_Supplied records_.

==========

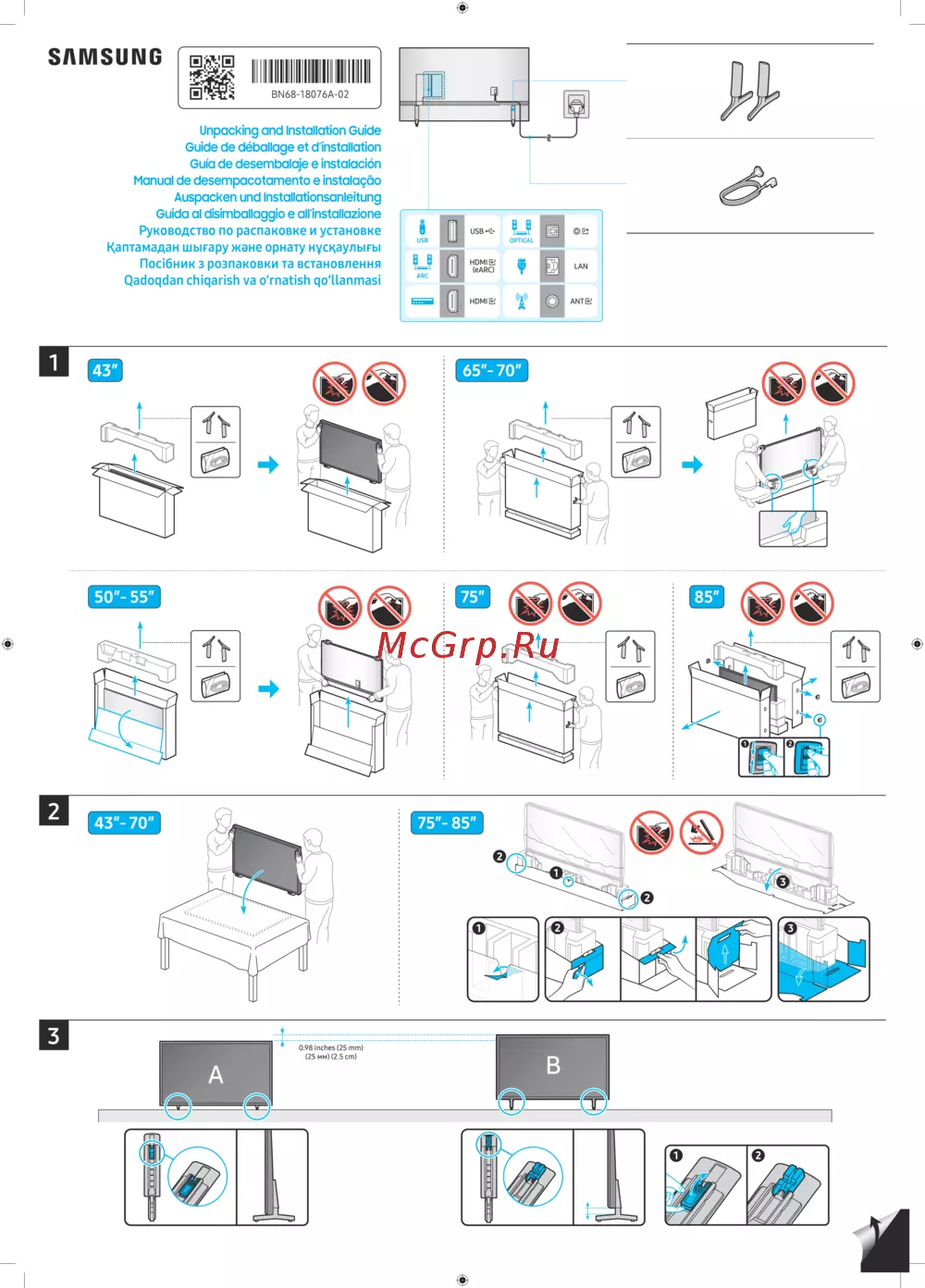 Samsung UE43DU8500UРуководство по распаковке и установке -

==========

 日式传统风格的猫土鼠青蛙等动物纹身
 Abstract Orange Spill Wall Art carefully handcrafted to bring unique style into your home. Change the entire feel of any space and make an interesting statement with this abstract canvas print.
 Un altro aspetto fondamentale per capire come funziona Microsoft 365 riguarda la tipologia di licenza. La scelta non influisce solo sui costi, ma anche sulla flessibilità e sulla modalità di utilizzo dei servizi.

==========

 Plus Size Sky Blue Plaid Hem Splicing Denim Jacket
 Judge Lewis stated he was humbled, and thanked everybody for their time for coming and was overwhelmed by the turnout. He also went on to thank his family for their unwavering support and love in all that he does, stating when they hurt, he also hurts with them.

==========

_What the task asks_.
Go through the listing above, and whenever a line holds the word "with", copy it.

_Task solution_.
 Abstract Orange Spill Wall Art carefully handcrafted to bring unique style into your home. Change the entire feel of any space and make an interesting statement with this abstract canvas print.
 Judge Lewis stated he was humbled, and thanked everybody for their time for coming and was overwhelmed by the turnout. He also went on to thank his family for their unwavering support and love in all that he does, stating when they hurt, he also hurts with them.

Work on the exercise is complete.